In the following example configuration, there are four node pools, each with different attributes:

pool-1: only the minimum required attributes are specified
pool-2: includes vSphere Datastore
pool-3: includes taints and labels
pool-4: includes all attributes

...
usercluster:
  ...
  workernode:
    cpus: 4
    memorymb: 8192
    replicas: 3
  # (Optional) Node pools with customizable labels, taints, etc.
  nodepools:
    - name: pool-1
      cpus: 4
      memorymb: 8192
      replicas: 5
    - name: pool-2
      cpus: 8
      memorymb: 16384
      replicas: 3
      vsphere:
        datastore: my_datastore
    - name: pool-3
      cpus: 4
      memorymb: 8192
      replicas: 5
      taints:
        - key: "example-key"
          effect: NoSchedule
      labels:
        environment: production
        app: nginx
    - name: pool-4
      cpus: 8
      memorymb: 16384
      replicas: 3
      taints:
        - key: "my_key"
          value: my_value1
          effect: NoExecute
      labels:
        environment: test
      vsphere:
        datastore: my_datastore
...

View a complete example of the user cluster configuration file.

Troubleshooting

In general, the gkectl update cluster command provides specifics when it fails.

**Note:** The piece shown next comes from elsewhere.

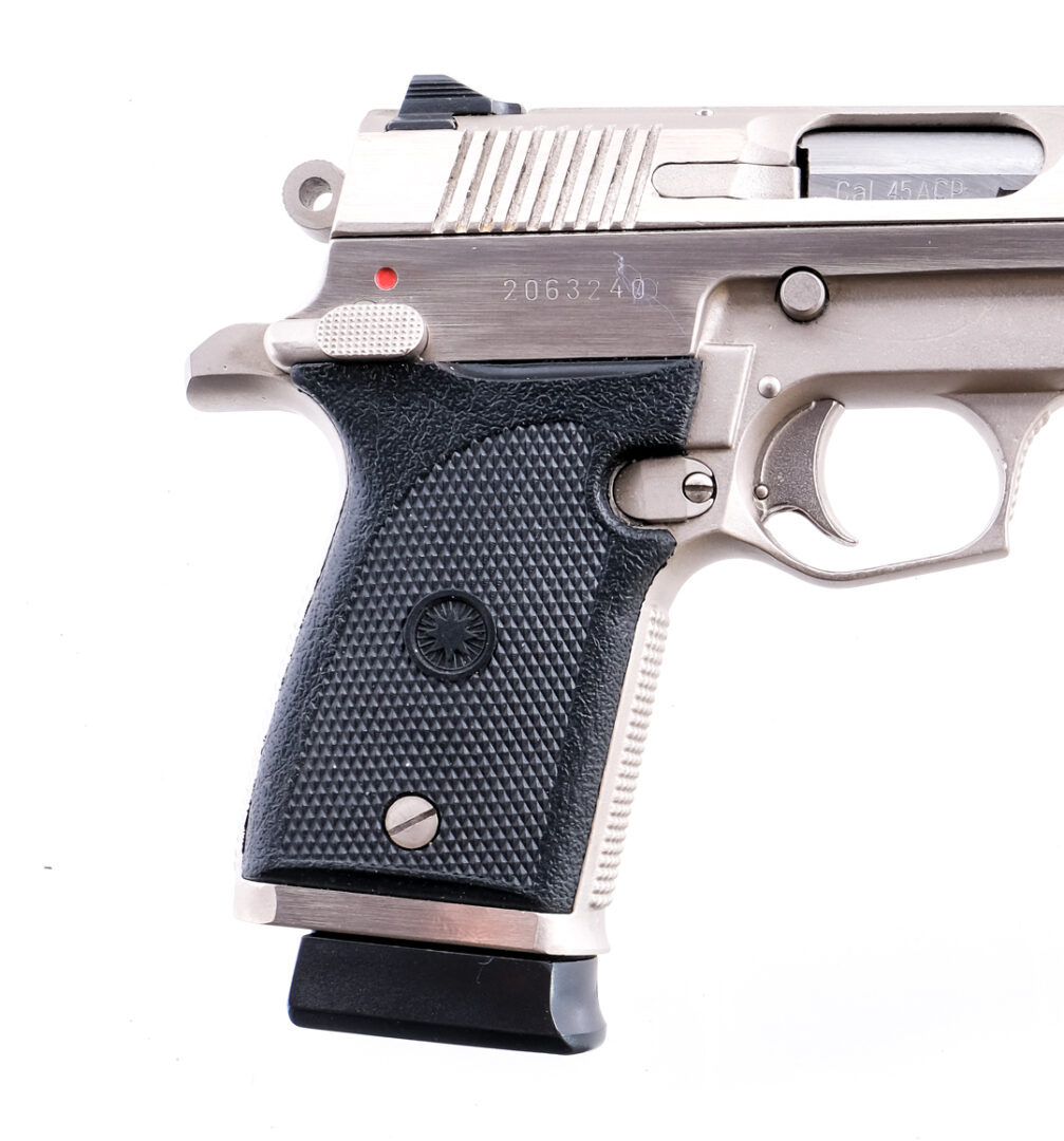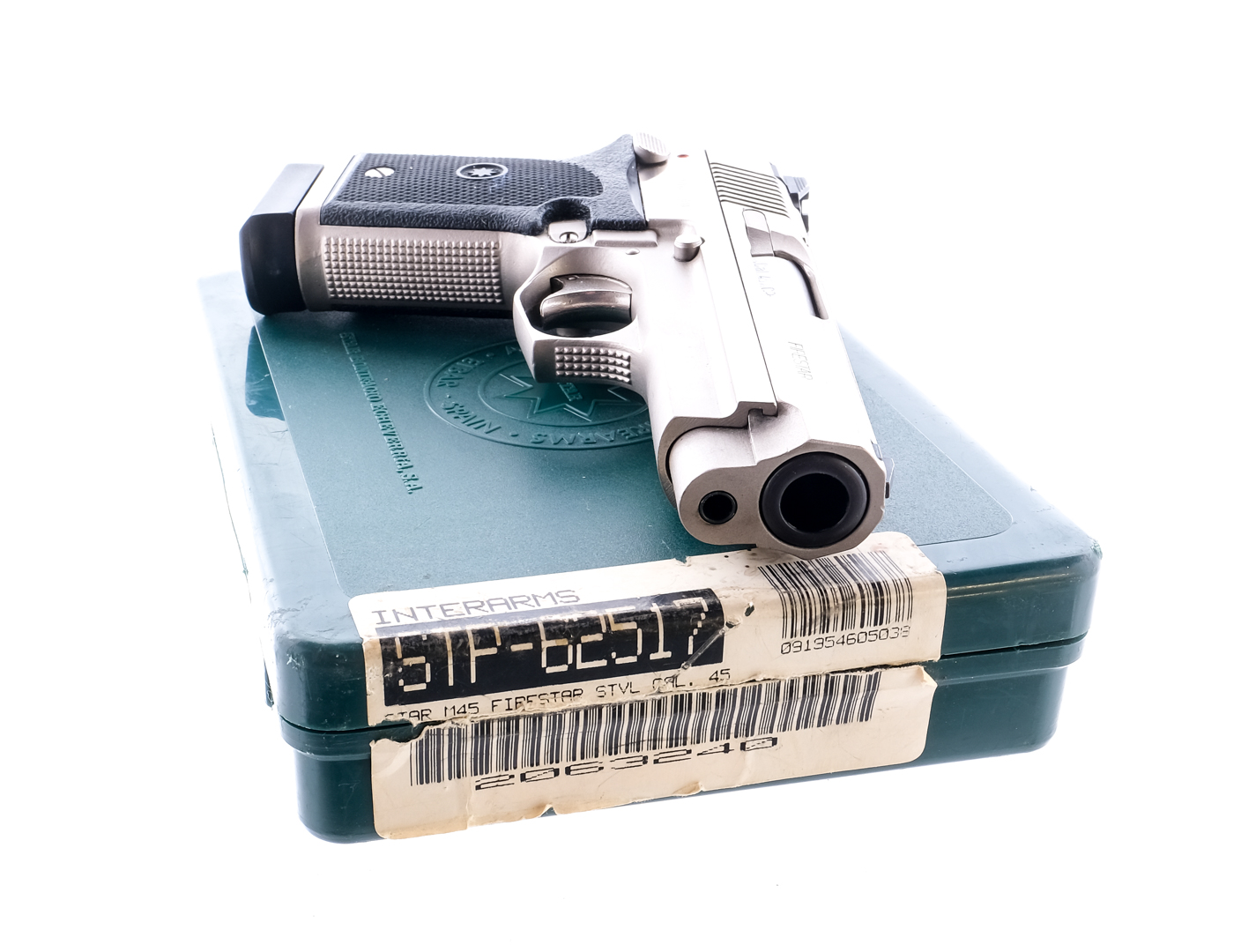Description Star M45 Firestar in .45 ACP with one, six round removable magazine and a 3.5″ barrel. Made in Spain and import marked by Interarms out of Virginia. Checkered hard rubber grip plates. Matte and polished steel frame and serrated slide. Solid untextured trigger and serrated hammer. Left lower side of frame checkered magazine release button. Left side of frame slide release and safety switch. Front and rear fixed white DOT sights. Comes in its factory hard case with matching serial number. Must ship to a FFL holder. Condition: Very Good/Excellent with light handling wear. Clean rifled bore. Barrel Length: 3.5″ Serial: 2063240 Manufacturer: Star Firearms Caliber: .45 ACP Model: M45 Firestar Book# X-146

If the command succeeded and you don't see the nodes, you can troubleshoot with the Diagnosing cluster issues guide.
It is possible that there are insufficient cluster resources like a lack of available IP addresses during node pool creation or update. See the Resizing a user cluster topic for details about verifying that IP addresses are available.
You can also review the general Troubleshooting guide.
Won't proceed past Creating node MachineDeployment(s) in user cluster….

It can take a while to create or update the node pools in your user cluster. However, if the wait time is extremely long and you suspect that something might have failed, you can run the following commands:
1. Run kubectl get nodes to obtain the state of your nodes.
2. For any nodes that are not ready, run kubectl describe node [node_name] to obtain details.